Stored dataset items
——————————

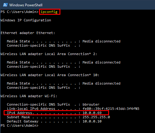 Open a terminal and type ipconfig in Windows or **ifconfig** in Linux and Mac. It should display your network details. Look for the IPv4 address section. The address usually starts with 192.168.x.x or 10.0.x.x. Copy it.
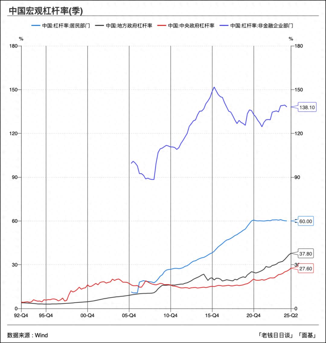 下图是我国私人部门和政府部门的杠杆率长期走势图,你能看出来谁还有空间:
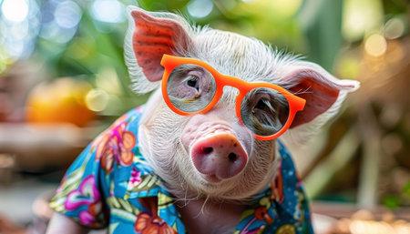 Stylish pig in trendy orange sunglasses and colorful hawaiian shirt, exuding cool vibes
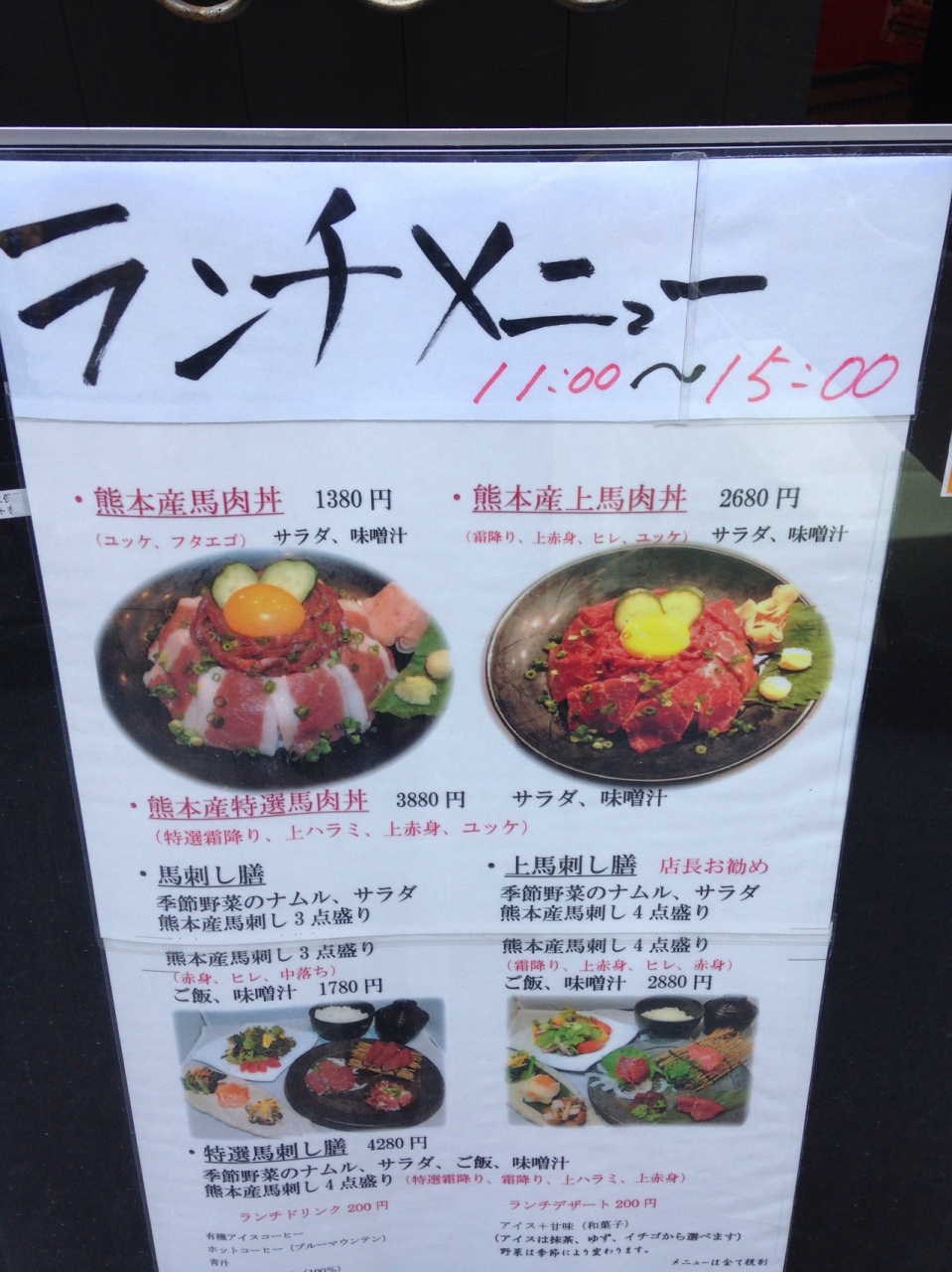 【ランパスで】馬菜 銀座本店@新白石ビルB1F【熊本県産馬肉丼 1000円】
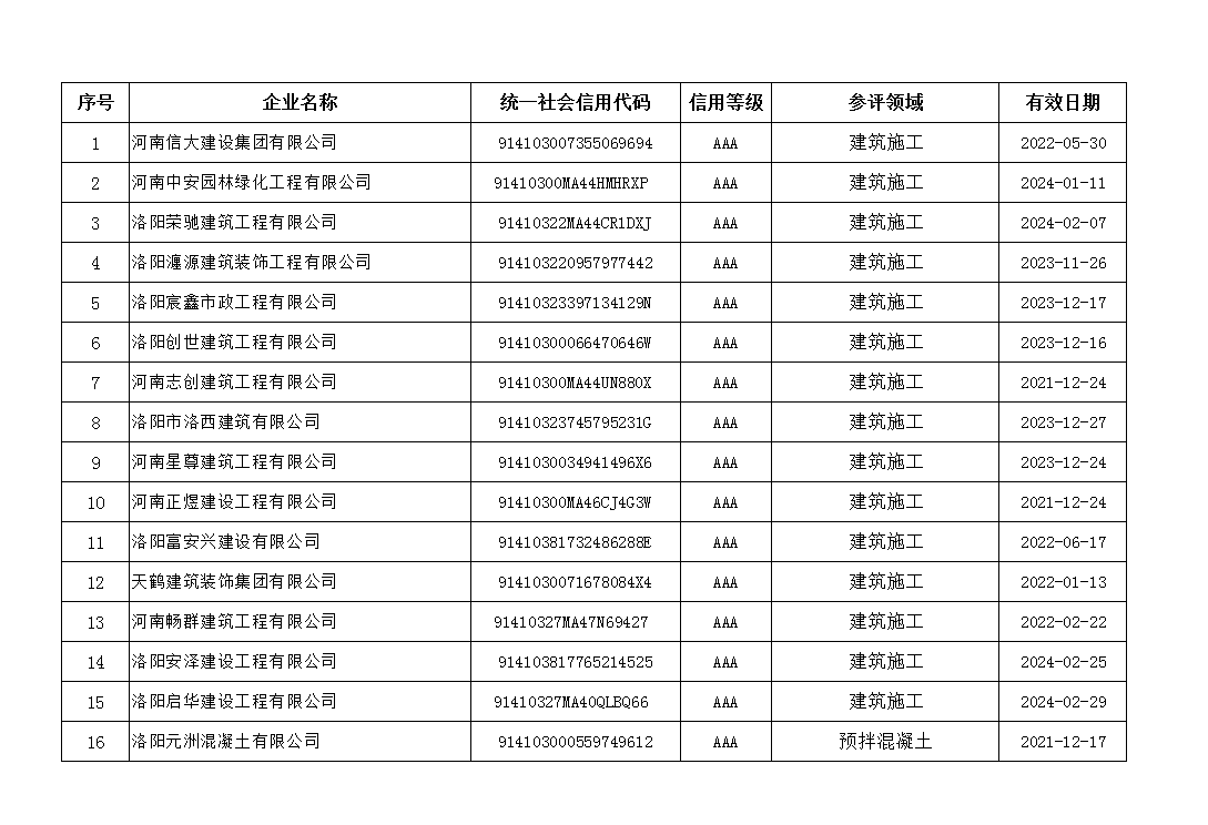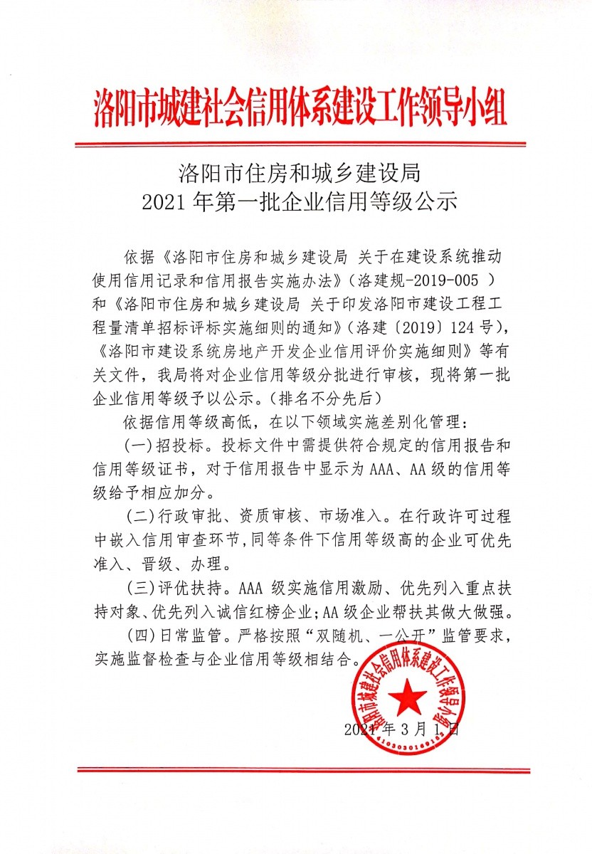 洛阳市住房和城乡建设局2021年第一批企业信用等级公示
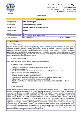 studiranja. Pored toga cilj kolegija Tjelesna i zdravstvena kultura je studentima prenijeti bazične informacije za zdravlje,
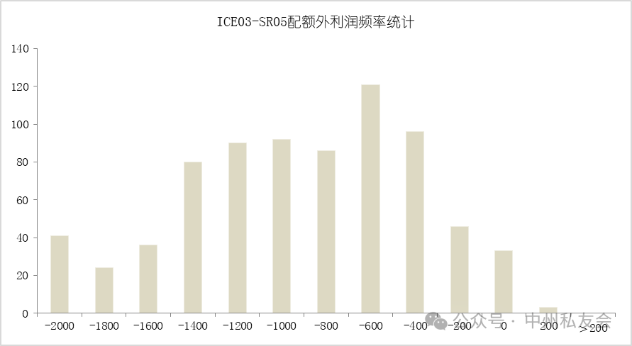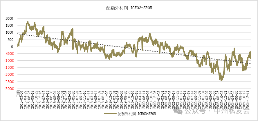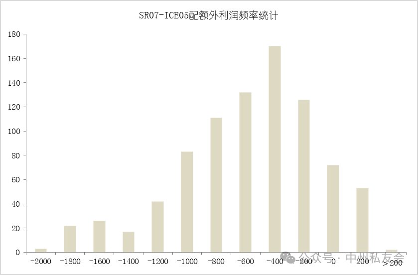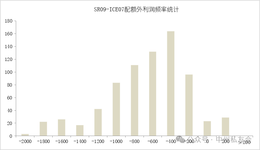 SR09与ICE07配额外进口价差的波动区间为【-1762,102】。SR09与ICE07配额外进口价差比SR07和ICE05的波动更窄,集中度高。20%/80%(低位/高位)的分位点为-1012/-327。
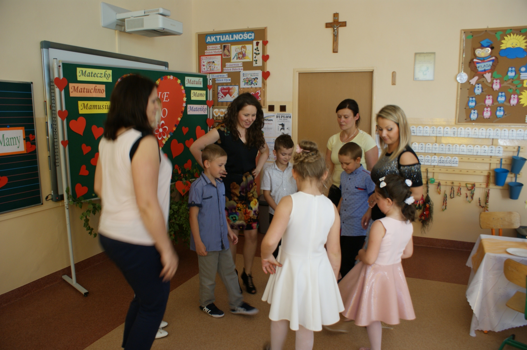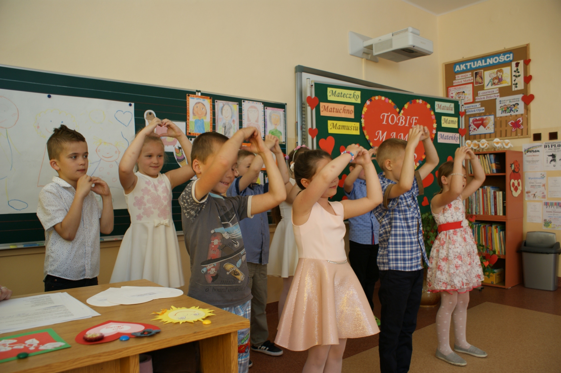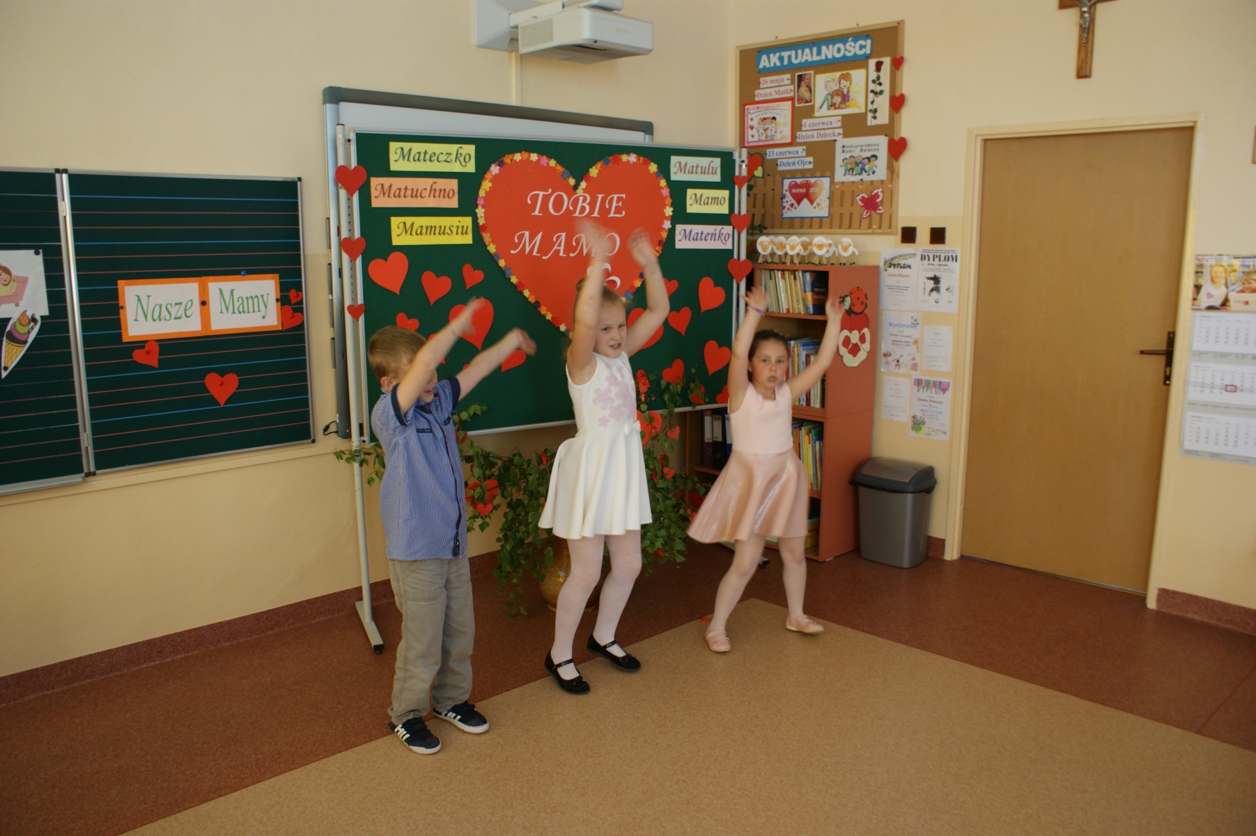 obejrzały prosty układ taneczny oraz ciekawy „Rysunek mamy”, gdzie dziewczynki śpiewały i jednocześnie rysowały na tablicy obrazek mamy zgodnie z treścią piosenki. Najbardziej wzruszającym momentem była „wiązanka serdecznych życzeń”. Dzieci mogły indywidualnie w miłych słowach wyrazić swą miłość, wdzięczność za ciepło domowej atmosfery i trud codziennego dnia, wręczając swoim mamom laurki w kształcie serca.

——————————

### [Work order]
Every line above should be copied exactly; do not carry over the pictures.

### [Solution below]
 Open a terminal and type ipconfig in Windows or **ifconfig** in Linux and Mac. It should display your network details. Look for the IPv4 address section. The address usually starts with 192.168.x.x or 10.0.x.x. Copy it.
 下图是我国私人部门和政府部门的杠杆率长期走势图,你能看出来谁还有空间:
 Stylish pig in trendy orange sunglasses and colorful hawaiian shirt, exuding cool vibes
 【ランパスで】馬菜 銀座本店@新白石ビルB1F【熊本県産馬肉丼 1000円】
 洛阳市住房和城乡建设局2021年第一批企业信用等级公示
 studiranja. Pored toga cilj kolegija Tjelesna i zdravstvena kultura je studentima prenijeti bazične informacije za zdravlje,
 SR09与ICE07配额外进口价差的波动区间为【-1762,102】。SR09与ICE07配额外进口价差比SR07和ICE05的波动更窄,集中度高。20%/80%(低位/高位)的分位点为-1012/-327。
 obejrzały prosty układ taneczny oraz ciekawy „Rysunek mamy”, gdzie dziewczynki śpiewały i jednocześnie rysowały na tablicy obrazek mamy zgodnie z treścią piosenki. Najbardziej wzruszającym momentem była „wiązanka serdecznych życzeń”. Dzieci mogły indywidualnie w miłych słowach wyrazić swą miłość, wdzięczność za ciepło domowej atmosfery i trud codziennego dnia, wręczając swoim mamom laurki w kształcie serca.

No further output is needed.